A buy stop limit order instructs a broker to purchase a security when it hits a strike price that is higher than the current spot price. Once the price hits that strike, the order becomes a traditional limit order to buy that security at the limit price or better.
Here’s what the order entry window looks like for a buy stop limit order in Interactive Brokers.
Why use a buy stop limit order for entering a trade?
Traders choose to use buy stop limit orders for entering a trade when they are looking for confirmation, continuation, or momentum through a certain price level before entering into the position.
For instance, if stock XYZ has repeatedly failed to rally above a particular price, say $50, over the past few weeks, a trader may want to get long the stock for a breakout once it has proven that there is enough demand to clear over the $50 area.
To accomplish this the trader could enter a buy stop limit order at $50.50, which would get them into a long position on momentum. We’ll look at some more examples below.
Buy stop limit versus buy stop
What’s the difference between a buy stop limit order and just an ordinary buy stop order and why choose one over the other?
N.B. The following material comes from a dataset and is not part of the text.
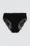 Модель має зручну посадку, оздоблена мереживом на поясі та ззаду, що додає образу жіночності та вишуканості. Завдяки м’якій бавовняній тканині ці трусики приємні до тіла та добре дихають - ідеальний вибір на щодень.
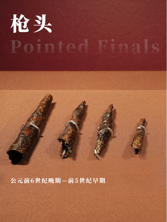 这是两个金属锤制而成的石头,带有插杆的插槽。这种枪头可能用于标枪或者长矛,标枪偏轻而长矛偏重,皆为步兵使用。

The stop part of each order is the same. Both orders will only be executed once that stop price is triggered. What happens after the stop price is achieved is where the difference between the two orders comes in.
If you are using a buy stop limit order, you will then have a limit order entered into the market at whatever limit price you choose (this order type requires you to enter in a price for both the stop and limit component of the order). This means your limit order may not get executed right away if you enter a price under the current bid/ask spread.
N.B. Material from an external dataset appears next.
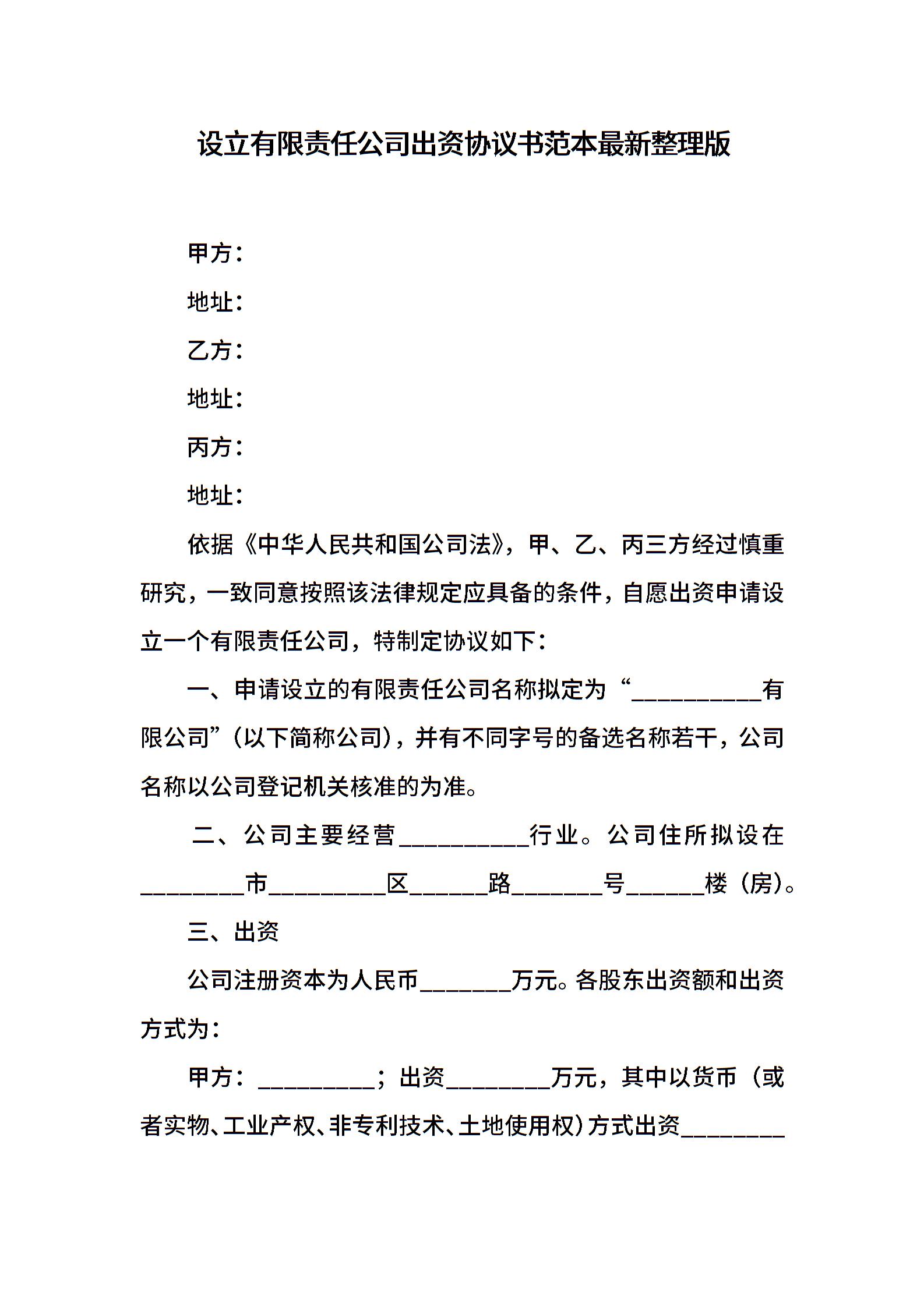 当前位置:量子办公 > 合同模板 > 出资协议 >

A buy stop, on the other hand, will turn into a market order to buy stock immediately at whatever price is currently on the ask. That’s a good thing for ensuring an immediate fill, but a risky proposition if the bid/ask spread is wide or a market is moving fast.
If a swing trader enters a good ’till canceled (GTC) buy stop order in the system at $51 and the next morning there is some terrific news that causes the stock to gap open over $60 at the start of the next session then this order will fill the trader at the opening price of $60 when the expectations of a fill was probably closer to the stop price of $50.
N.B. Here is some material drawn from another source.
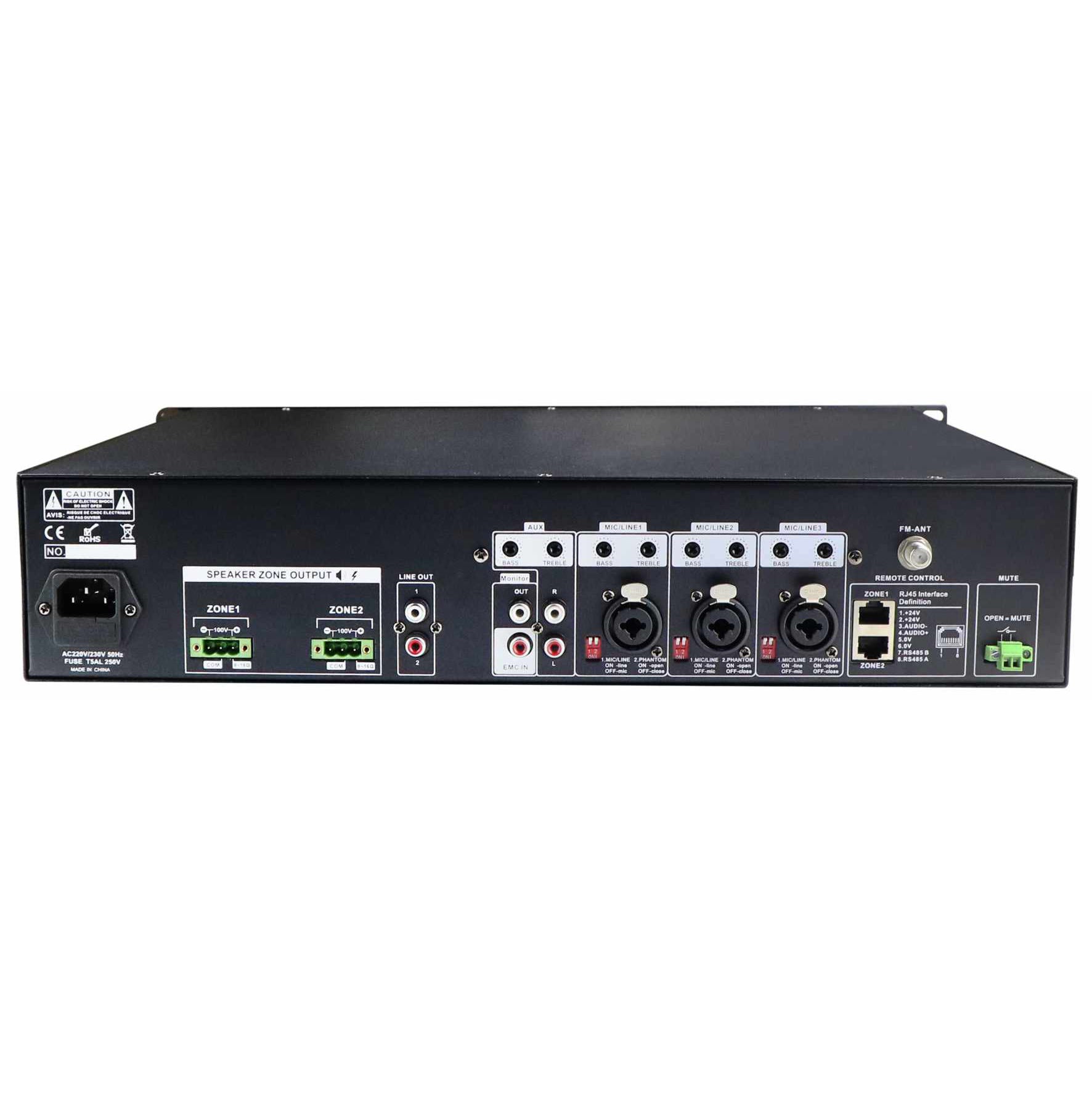Amplificador profissional de 2 zonas com módulo DAB integrado, leitor MP3, bluetooth. Conexőes de 70V, 100V, 4 Ohm e 8... Leer más...

For this reason, I personally always use buy stop limit orders to ensure I am not getting filled at a price I do not want or did not anticipate.
How we use buy stop limit orders
Our swing trading strategy uses daily closing prices for our signal to enter trades. Since we scan for setups after the market closes for the day we will enter stop orders to get us involved in the trade the next day.
Here are some examples.
$BOFI was a trade signal for us to get long on June 4, 2018 as it accelerated higher through recent resistance on volume. A buy stop limit order gets placed just above the signal bar highs (42.99) and that order would have been triggered the next morning near the open to get us long.
$GPRK was another trade setup and signal for us back on May 15, 2018. We repeat the same process and enter a buy stop limit order pennies above the signal bar highs (15.60) and once again the order was triggered and filled the next day.
Trade setups don’t always trigger and that’s a good thing. Remember, we only want to enter on confirmation that the stock is ready to move in our favor.
Here’s an example of a setup that would have never triggered in $BMRN.
The stock gapped down the next morning and proceeded to sell off throughout the day never triggering our buy stop order.
Buy stop limit orders for swing traders
Hopefully, this article has helped you understand the basics of buy stop orders, why a trader would want to use them, and how they can fit into a trading strategy.
All of the examples we looked at and discussed in this article were from the perspective of a swing trader (overnight holds) but these orders are equally as effective for shorter time-frame intraday charts.
Thanks for reading and good luck out there.